Review: Love & Other Drugs
PLOT: Circa-1996, a womanizing Pfizer pitchman (Jake Gyllenhaal), falls in love with a beautiful woman (Anne Hathaway) afflicted by early onset Parkinson's. Meanwhile, his sales start to skyrocket once his company introduces Viagra.
REVIEW: LOVE AND OTHER DRUGS is a film I've been eager to see ever since it was announced in the trades. Director Ed Zwick is one of those thoroughly consistent directors who over and over again, manages to make stirring and compelling dramas (GLORY, THE LAST SAMURAI, BLOOD DIAMOND, DEFIANCE) on a grand scale. While this might seem to be a departure, Zwick actually made his name as one of the producers of the hit eighties drama, THIRTYSOMETHING, so really, a smaller scale romantic drama is a return to his roots. Pair that with a the scorching hot pairing of Gyllenhaal and Hathaway, and you have a sure fire winner, right?
Sadly, no. I knew right from the first scene, where horny stud Gyllenhaal nails his boss' girlfriend while selling stereos that something was off somehow. The more the film went on, the more I got annoyed, especially once Gyllenhaal joins up with Pfizer, and becomes a big-shot rep, pushing drugs like Zoloft onto doctors so he can land big commissions. Whether or not the drugs can actually help patients seemingly doesn't matter.
So, I guess Zwick is trying to make LOVE AND OTHER DRUGS a razor-sharp commentary on big pharma, circa 1996 (when this takes place, meaning lots of khakis). That's all well and good, but I had an extraordinarily hard time buying Gyllenhaal in this cynical role, as he just seems too naturally earnest to be believable as an asshole.
Luckily, things pickup once he hooks up with Hathaway about a half-hour in, but even still, I had a hard time getting into the film. Their chemistry just seems off, and I think the problem is really Gyllenhaal who just doesn't seem to have a handle on his role (not that I can blame him, as a viewer, I couldn't get a handle on his character either). I think it's just a straight-case of miscasting, where the filmmakers really needed someone who could channel a RAIN-MAN-era Tom Cruise, who would have been perfect for this twenty years ago.
Alas, a new Tom Cruise is a tall order to fill, and sadly Gyllenhaal doesn't pull it off. As for Hathaway, she's actually pretty damn good as the more interesting half of the couple. It doesn't hurt that she has a lot more to work with, with her character suffering the early ravages of Parkinson's. She's been getting a lot of Oscar buzz for the role, and while I don't think she's quite worthy of an Oscar for her role here, she's nonetheless excellent. It's also worth noting that Hathaway obviously doesn't shy away from nudity, and she shows even more skin here than she did in HAVOC. I'm not complaining.
Oddly, about half way through the film, the tone totally changes and instead of a big-pharma satire, LOVE AND OTHER DRUGS turns into the romantic dramedy the trailers promised, and sure enough it becomes a better film.
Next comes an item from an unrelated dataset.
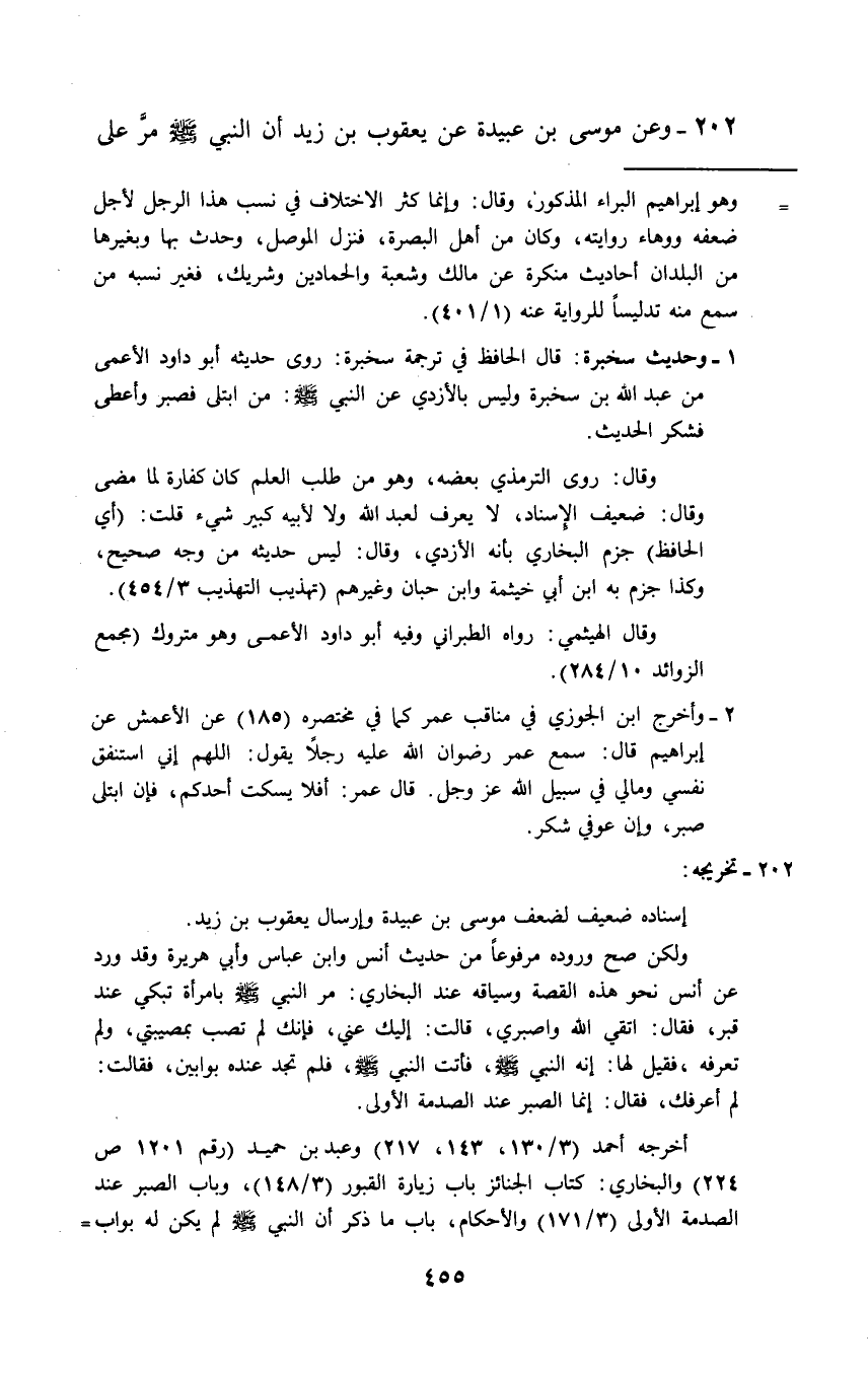 202 - وَعَنْ مُوسَى بْنِ عُبَيْدَةَ، عَنْ يَعْقُوبَ بْنِ زَيْدٍ أَنَّ النَّبِيَّ صَلَّى اللهُ عَلَيْهِ وَسَلَّمَ مَرَّ عَلَى -[456]- امْرَأَةٍ تَبْكِي، فَكَلَّمَهَا، فَلَمْ تَلْتَفِتْ إِلَيْهِ، فَأُخْبِرَتْ بَعْدُ أَنَّهُ النَّبِيُّ صَلَّى اللهُ عَلَيْهِ وَسَلَّمَ فَأَتَتْهُ، فَقَالَ النَّبِيُّ صَلَّى اللهُ عَلَيْهِ وَسَلَّمَ: «§إِنَّمَا الصَّبْرُ عِنْدَ الصَّدْمَةِ الْأُولَى»
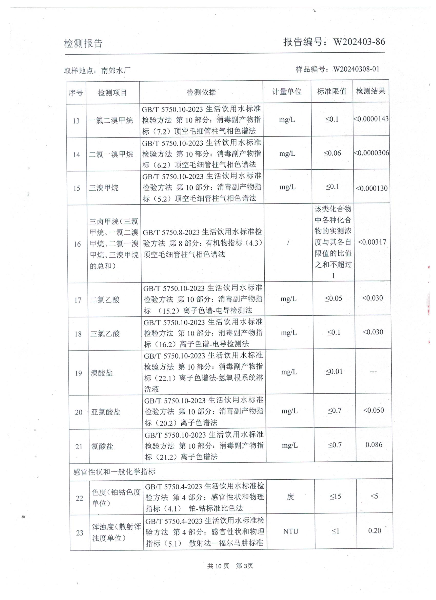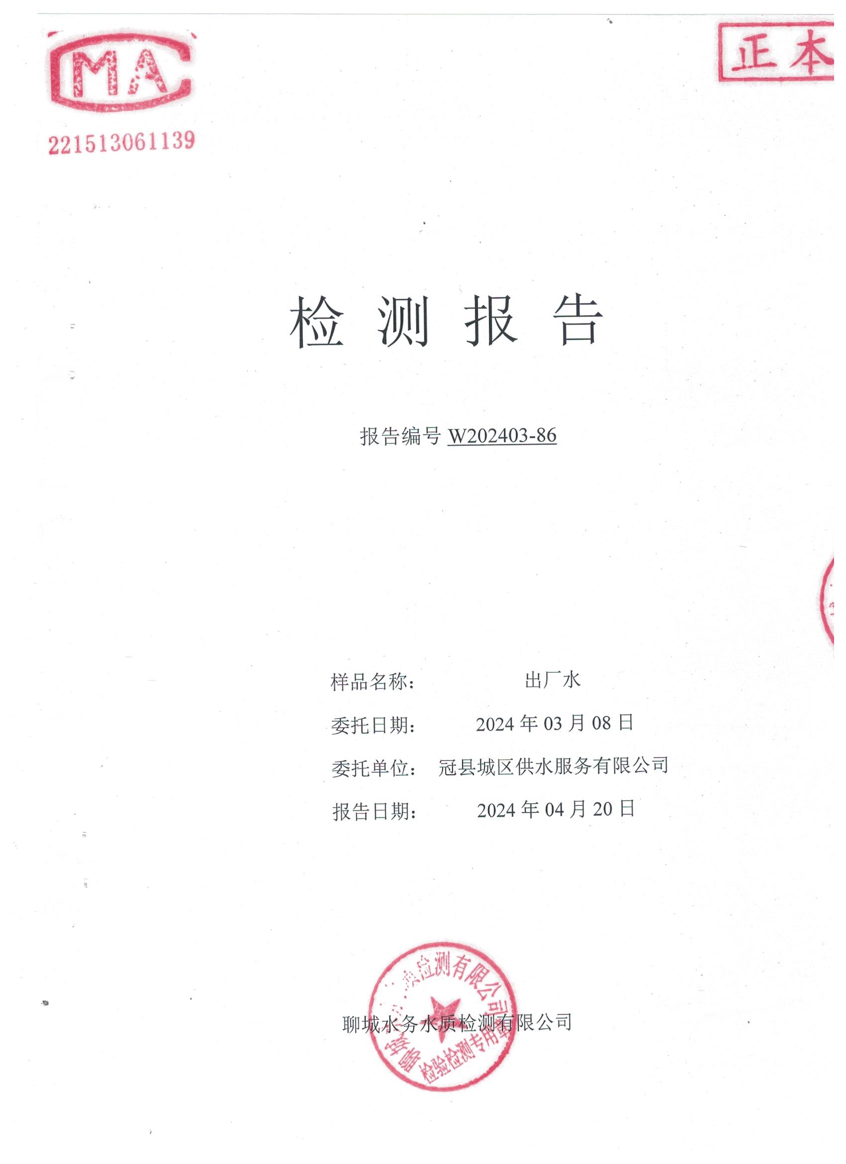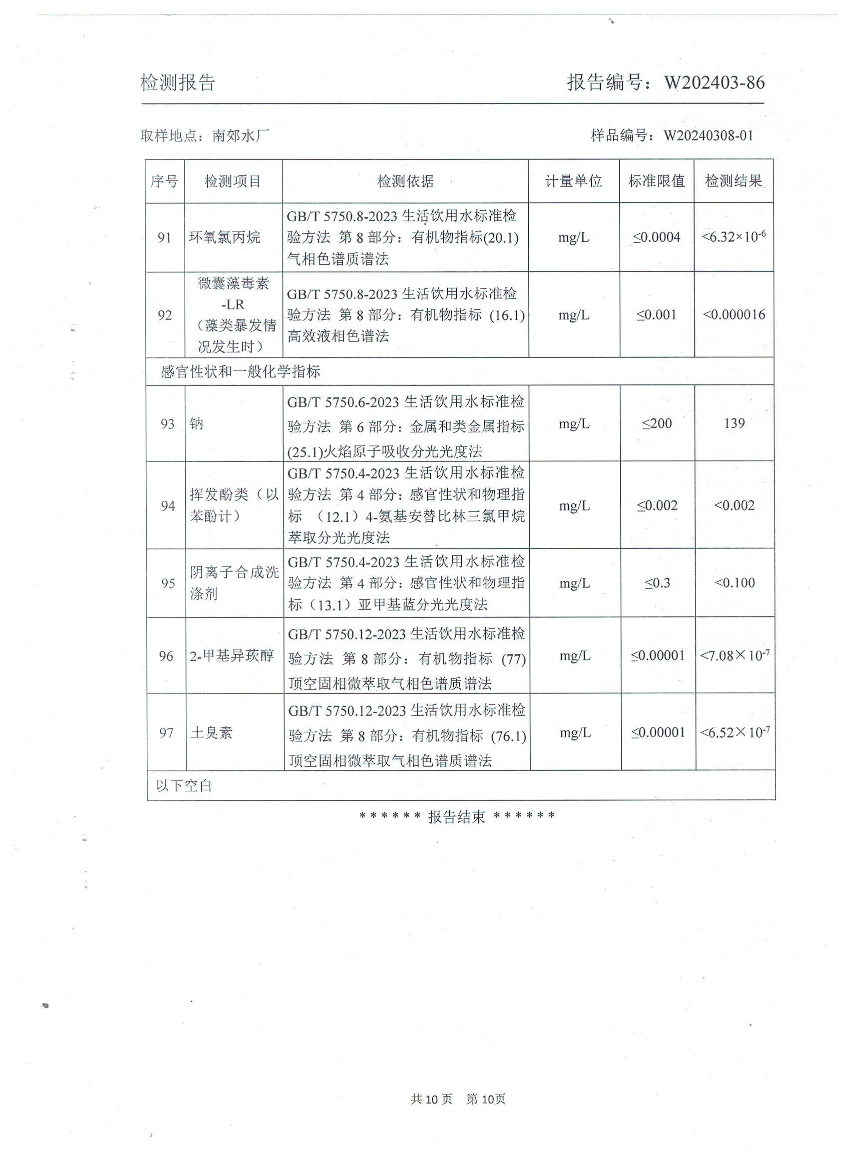 2024年城区出厂水年检水质检测报告

That said, it's certainly no UP IN THE AIR, which the film seems trying desperately to be. Still, I found myself actually enjoying the second half of the film, which is a surprise as I was actively loathing it during the first hour.
Other than Gyllenhaal's miscasting, the biggest problem is Josh Gad, who seems to have walked in from a SUPERBAD rip-off, and just about ruins the film with his totally unlikable, douche-baggy character. I guess he's supposed to be the comic relief sidekick, but his whole subplot, where he plays Gyllenhaal's multi-millionaire brother, who's been recently dumped by his trophy wife, is a disastrous addition to the film. Every time he walked on-screen I cringed, and it's one of the most annoying performances I've seen in a major film in a long time.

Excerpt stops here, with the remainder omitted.